Dataset excerpt:
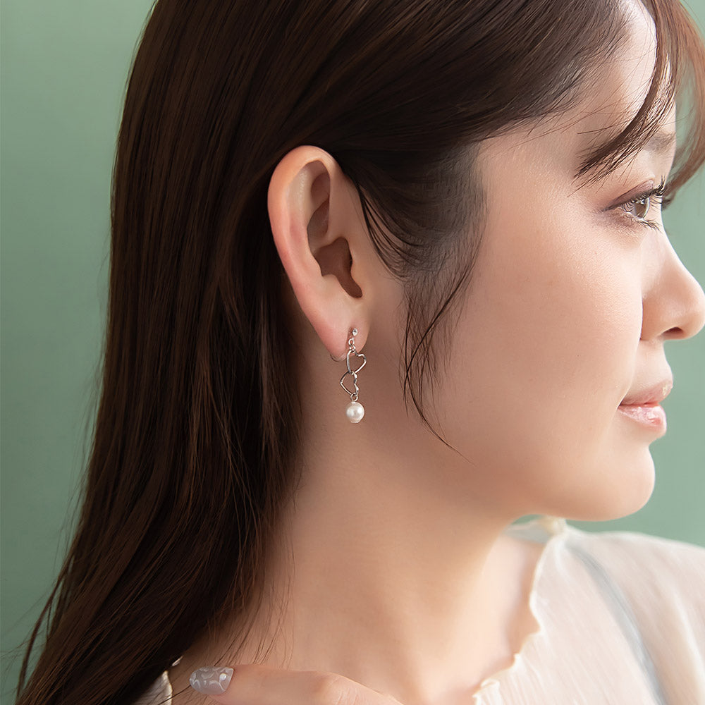 No piercings? No problem! Elevate your earscape with our Heart Link Pearl Drop Invisible Clip On Earrings. Featuring delicate linked hearts with a lustrous faux pearl, these earrings are perfect for those who appreciate lovely elegance. Designed with lightweight plastic clip-on backs, they provide exceptional comfort, even for sensitive skin. Perfect for adding a touch of sophistication without the need for pierced ears, these earrings blend style and practicality at once.
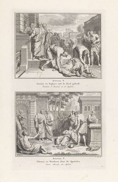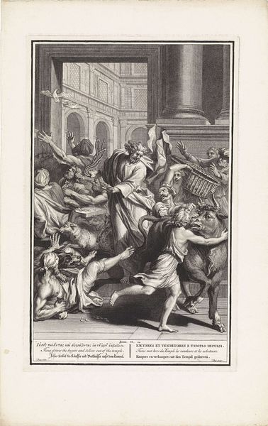 Curator: Looking at this engraving, “Geseling en Bespotting” from around 1700 by Joseph Mulder, the sharp lines and contrasts feel immediately dramatic. Editor: Dramatic is one word. My first impression is brutality rendered with a kind of cold, precise efficiency. The black and white amplifies the starkness. Makes me think about how readily violence can be manufactured and distributed...literally. Curator: Precisely! This print, like many of the period, wasn't created in a vacuum. It speaks to the broader system of printmaking and its role in disseminating religious narratives to a wide audience. Engravings allowed for mass production, turning potent religious imagery into a commodity. Think about the accessibility that brought. Editor: A commodity alright. But there's something chilling about packaging this specific scene, these images of torment, for easy consumption. I wonder who the target audience was? Piety driven by guilt? Or just a fascination with suffering, sanitized by art? Curator: Good point! While pinpointing the exact motivations of consumers is difficult centuries later, consider that prints were circulated among different classes and devotion obviously was key. Moreover, artists at the time operated within networks of workshops and patronage and often reproduced images. Here, Mulder is engaging with a pre-existing iconography, recasting it through his particular technical skill. Editor: And what skillful work! Those lines create such intense detail, almost clinical in their clarity. You see the whip cutting into the flesh. The sneers on the faces of the tormentors. Each mark carefully placed to maximize emotional impact. A product meticulously crafted, despite its troubling subject matter. Is the method somewhat divorced from the message, or reinforcing it, perhaps? Curator: It reinforces the message, but also reveals some of the mechanics behind it. By foregrounding the technical processes involved in production—engraving requires considerable labor—we realize how this image moved from artist's hand to printing press to market. It reveals the means by which beliefs were not just visualized but manufactured, and bought, shaping public opinion. Editor: It's quite an eerie realization, to think about faith itself being, in a sense, manufactured, piece by piece. Curator: Indeed. It prompts us to think critically about the power of images, both then and now, in constructing our realities and beliefs. Editor: So much encoded in a seemingly simple print. Thanks for untangling some of it with me.
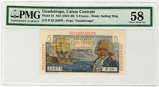 Guadeloupe. Issued 5 Francs, ND (1947-1949), P-31. PMG graded Choice About Unc 58 (Cert # 5003608-008).

Exercise: Leaving out the pictures, transcribe the material above exactly.

Response area:
 No piercings? No problem! Elevate your earscape with our Heart Link Pearl Drop Invisible Clip On Earrings. Featuring delicate linked hearts with a lustrous faux pearl, these earrings are perfect for those who appreciate lovely elegance. Designed with lightweight plastic clip-on backs, they provide exceptional comfort, even for sensitive skin. Perfect for adding a touch of sophistication without the need for pierced ears, these earrings blend style and practicality at once.
 Curator: Looking at this engraving, “Geseling en Bespotting” from around 1700 by Joseph Mulder, the sharp lines and contrasts feel immediately dramatic. Editor: Dramatic is one word. My first impression is brutality rendered with a kind of cold, precise efficiency. The black and white amplifies the starkness. Makes me think about how readily violence can be manufactured and distributed...literally. Curator: Precisely! This print, like many of the period, wasn't created in a vacuum. It speaks to the broader system of printmaking and its role in disseminating religious narratives to a wide audience. Engravings allowed for mass production, turning potent religious imagery into a commodity. Think about the accessibility that brought. Editor: A commodity alright. But there's something chilling about packaging this specific scene, these images of torment, for easy consumption. I wonder who the target audience was? Piety driven by guilt? Or just a fascination with suffering, sanitized by art? Curator: Good point! While pinpointing the exact motivations of consumers is difficult centuries later, consider that prints were circulated among different classes and devotion obviously was key. Moreover, artists at the time operated within networks of workshops and patronage and often reproduced images. Here, Mulder is engaging with a pre-existing iconography, recasting it through his particular technical skill. Editor: And what skillful work! Those lines create such intense detail, almost clinical in their clarity. You see the whip cutting into the flesh. The sneers on the faces of the tormentors. Each mark carefully placed to maximize emotional impact. A product meticulously crafted, despite its troubling subject matter. Is the method somewhat divorced from the message, or reinforcing it, perhaps? Curator: It reinforces the message, but also reveals some of the mechanics behind it. By foregrounding the technical processes involved in production—engraving requires considerable labor—we realize how this image moved from artist's hand to printing press to market. It reveals the means by which beliefs were not just visualized but manufactured, and bought, shaping public opinion. Editor: It's quite an eerie realization, to think about faith itself being, in a sense, manufactured, piece by piece. Curator: Indeed. It prompts us to think critically about the power of images, both then and now, in constructing our realities and beliefs. Editor: So much encoded in a seemingly simple print. Thanks for untangling some of it with me.
 Guadeloupe. Issued 5 Francs, ND (1947-1949), P-31. PMG graded Choice About Unc 58 (Cert # 5003608-008).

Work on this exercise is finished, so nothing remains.